§ **ACTION ITEM**: Skipping the images, transcribe each record below as it is.

§ **DATA TO EXAMINE**:

---+---

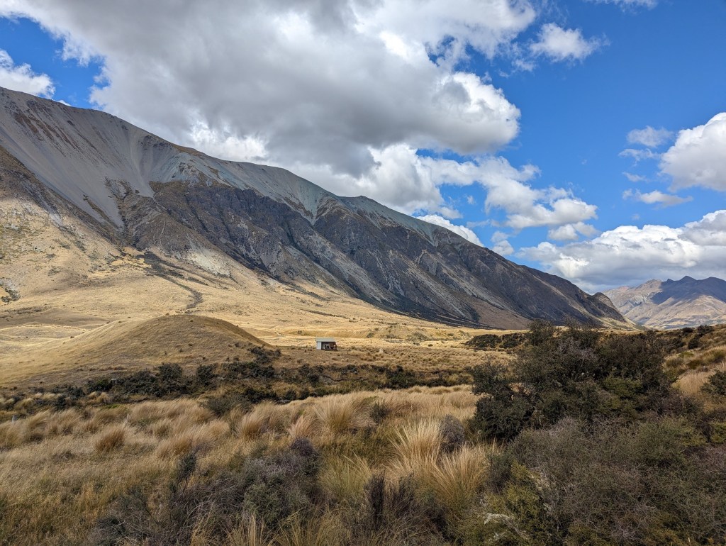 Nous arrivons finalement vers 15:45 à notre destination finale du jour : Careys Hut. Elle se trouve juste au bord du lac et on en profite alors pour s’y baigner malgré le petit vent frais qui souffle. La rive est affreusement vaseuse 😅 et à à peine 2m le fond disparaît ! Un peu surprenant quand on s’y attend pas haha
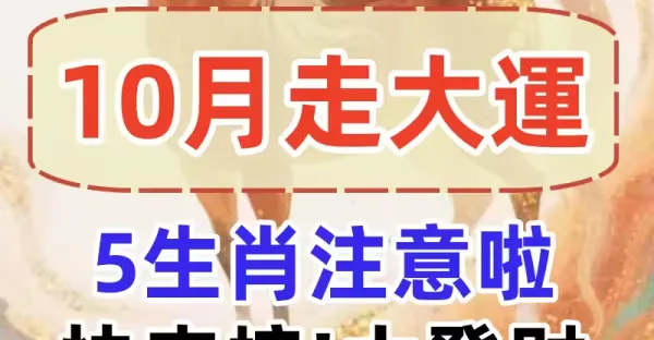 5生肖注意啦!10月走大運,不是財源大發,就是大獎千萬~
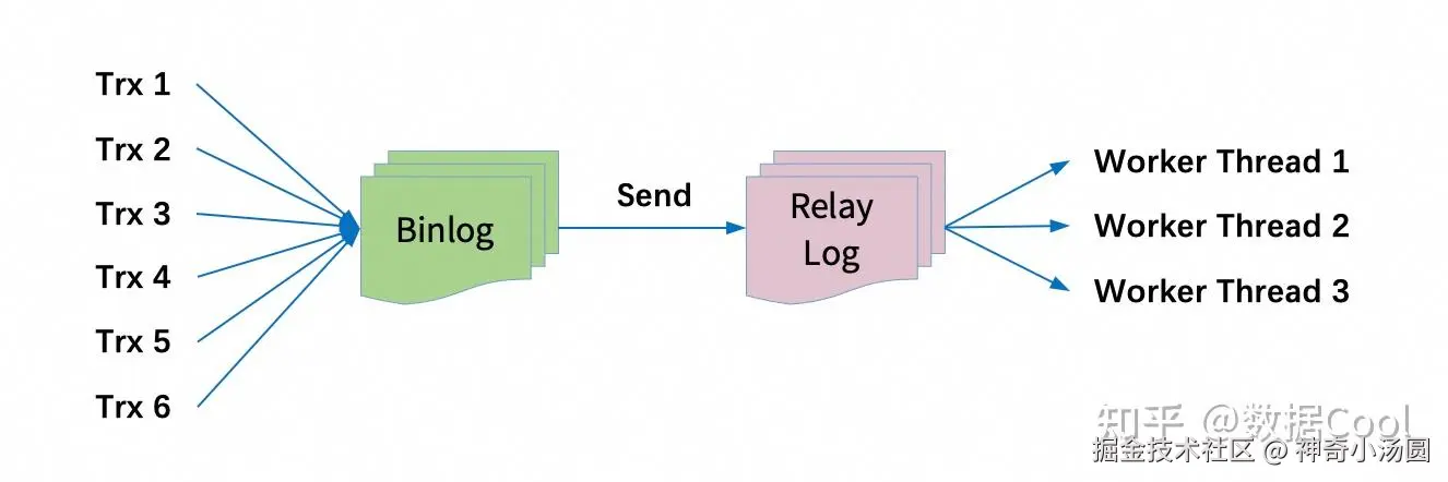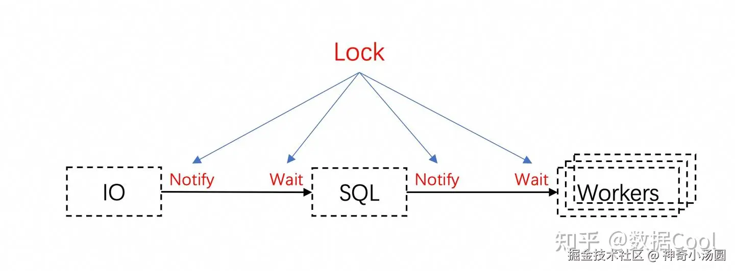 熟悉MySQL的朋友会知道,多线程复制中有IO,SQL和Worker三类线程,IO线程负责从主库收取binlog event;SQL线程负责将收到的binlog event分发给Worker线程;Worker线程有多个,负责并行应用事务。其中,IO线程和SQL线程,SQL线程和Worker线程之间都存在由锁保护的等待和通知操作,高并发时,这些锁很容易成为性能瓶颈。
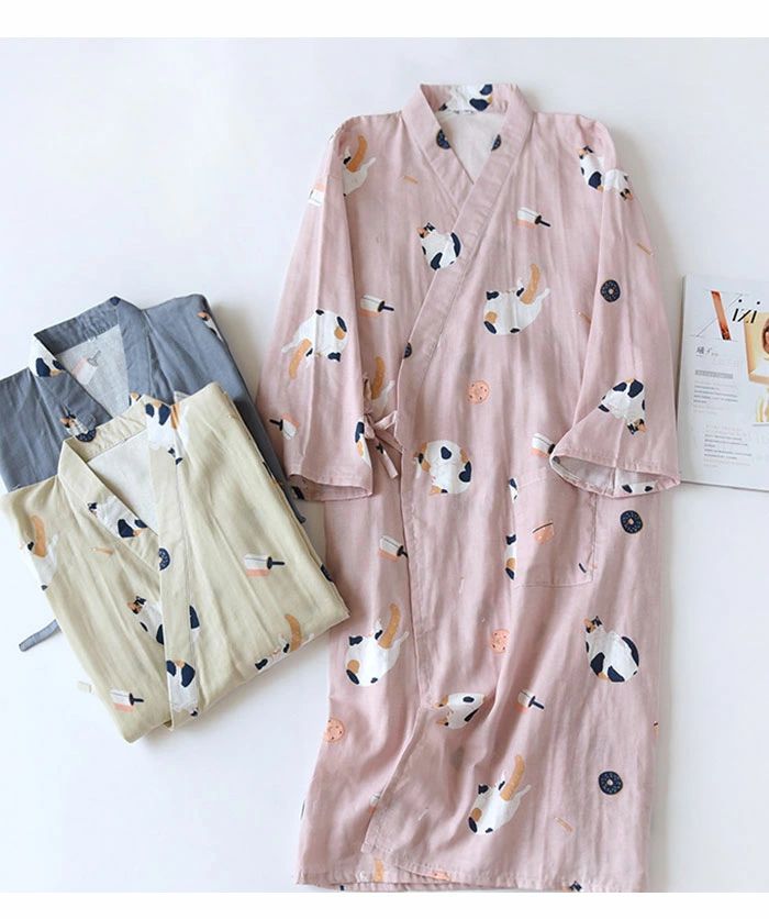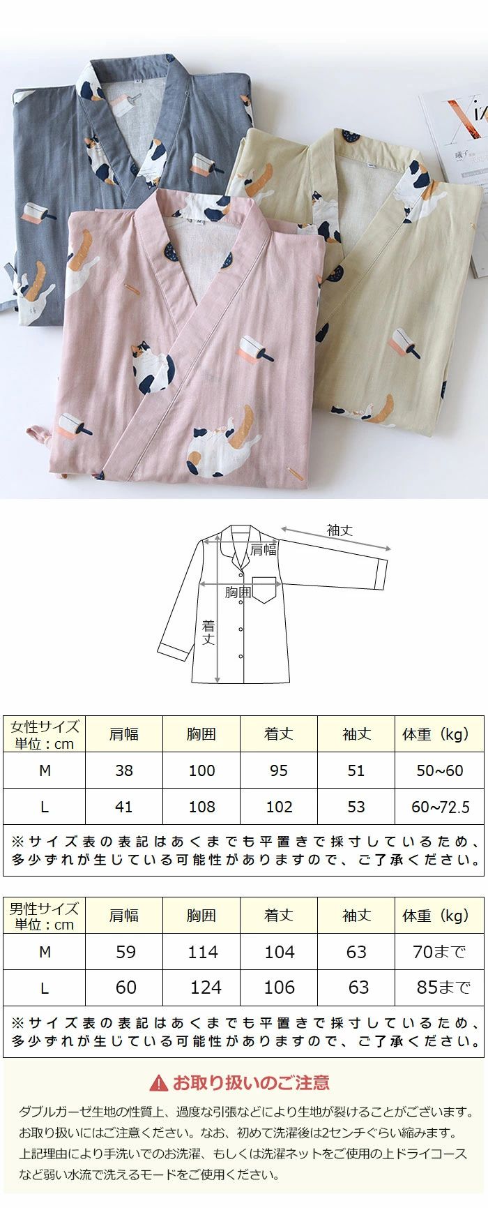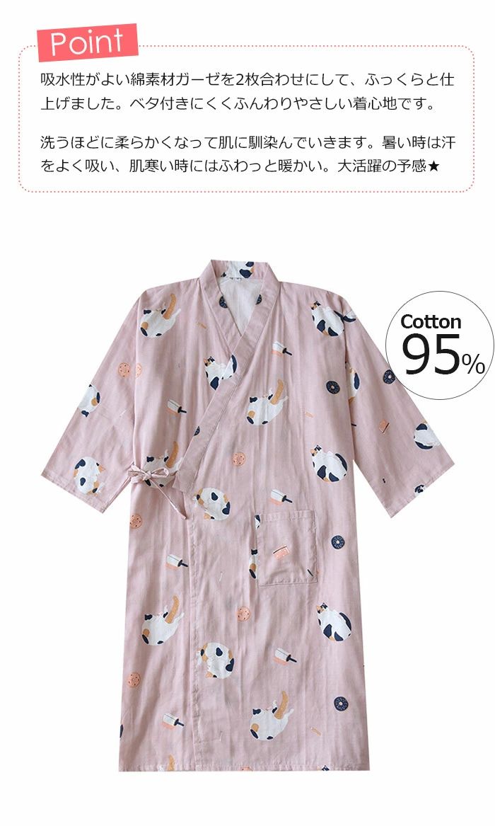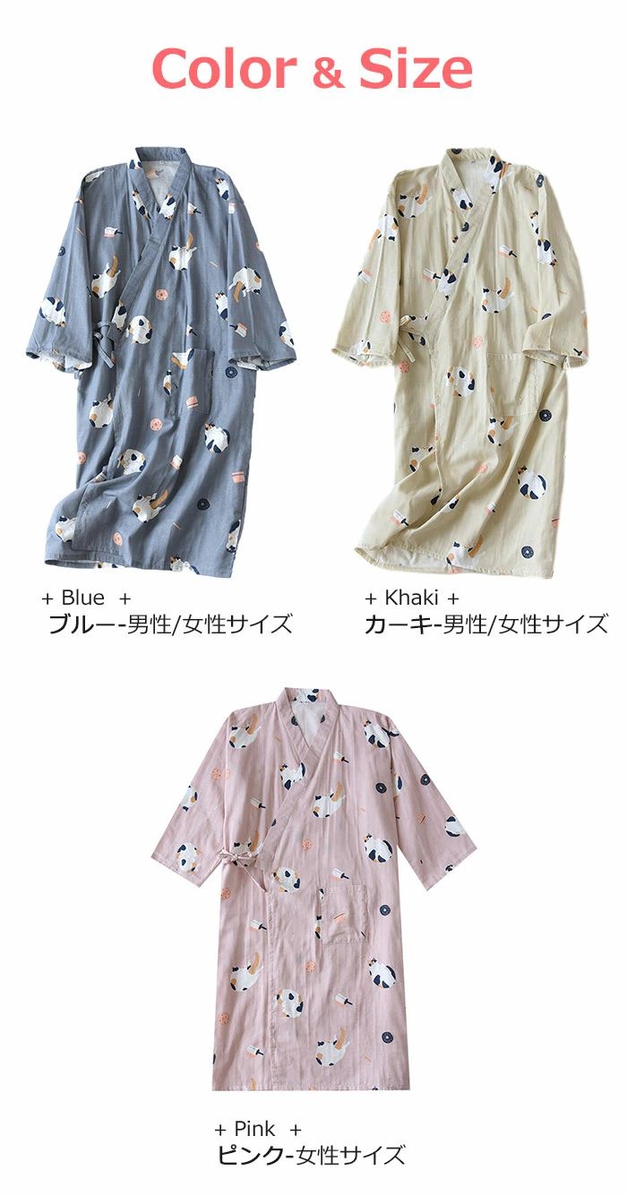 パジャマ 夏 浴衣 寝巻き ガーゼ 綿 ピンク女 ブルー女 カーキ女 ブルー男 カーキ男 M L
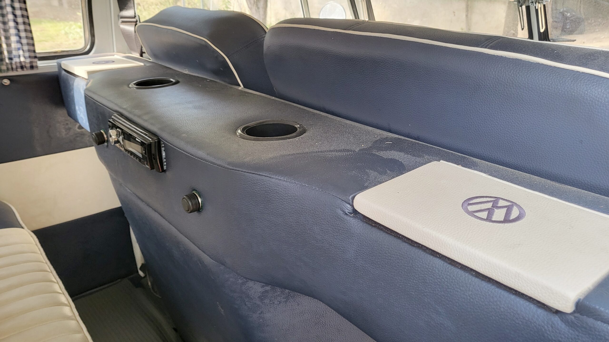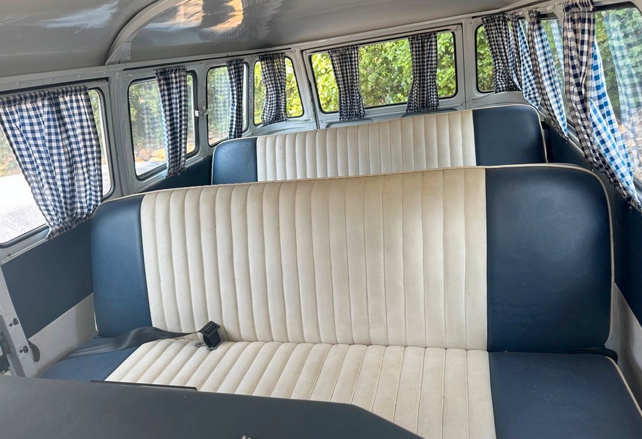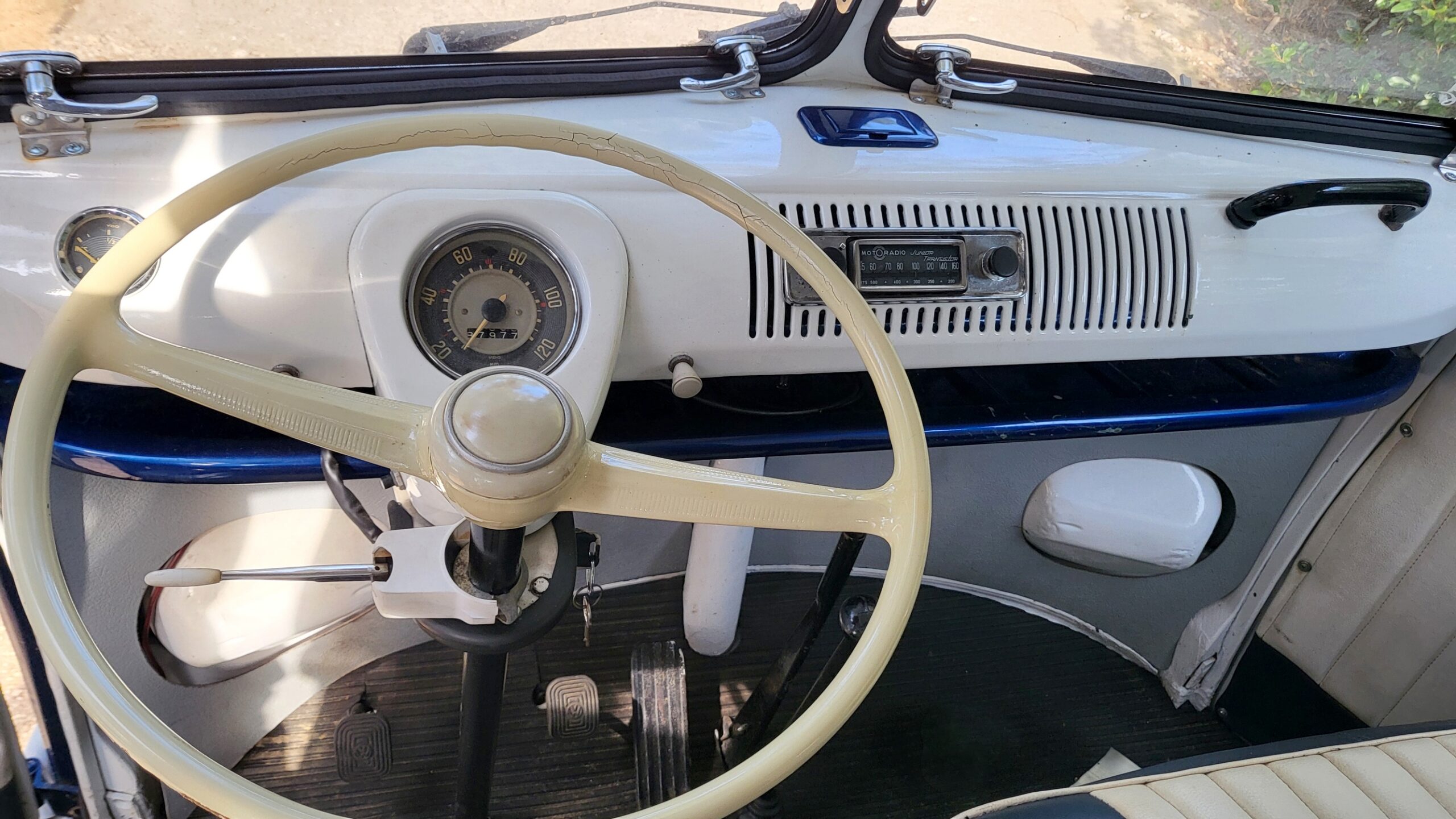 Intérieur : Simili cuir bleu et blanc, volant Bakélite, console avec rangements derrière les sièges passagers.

---+---

§ **OUTPUT**:
 Nous arrivons finalement vers 15:45 à notre destination finale du jour : Careys Hut. Elle se trouve juste au bord du lac et on en profite alors pour s’y baigner malgré le petit vent frais qui souffle. La rive est affreusement vaseuse 😅 et à à peine 2m le fond disparaît ! Un peu surprenant quand on s’y attend pas haha
 5生肖注意啦!10月走大運,不是財源大發,就是大獎千萬~
 熟悉MySQL的朋友会知道,多线程复制中有IO,SQL和Worker三类线程,IO线程负责从主库收取binlog event;SQL线程负责将收到的binlog event分发给Worker线程;Worker线程有多个,负责并行应用事务。其中,IO线程和SQL线程,SQL线程和Worker线程之间都存在由锁保护的等待和通知操作,高并发时,这些锁很容易成为性能瓶颈。
 パジャマ 夏 浴衣 寝巻き ガーゼ 綿 ピンク女 ブルー女 カーキ女 ブルー男 カーキ男 M L
 Intérieur : Simili cuir bleu et blanc, volant Bakélite, console avec rangements derrière les sièges passagers.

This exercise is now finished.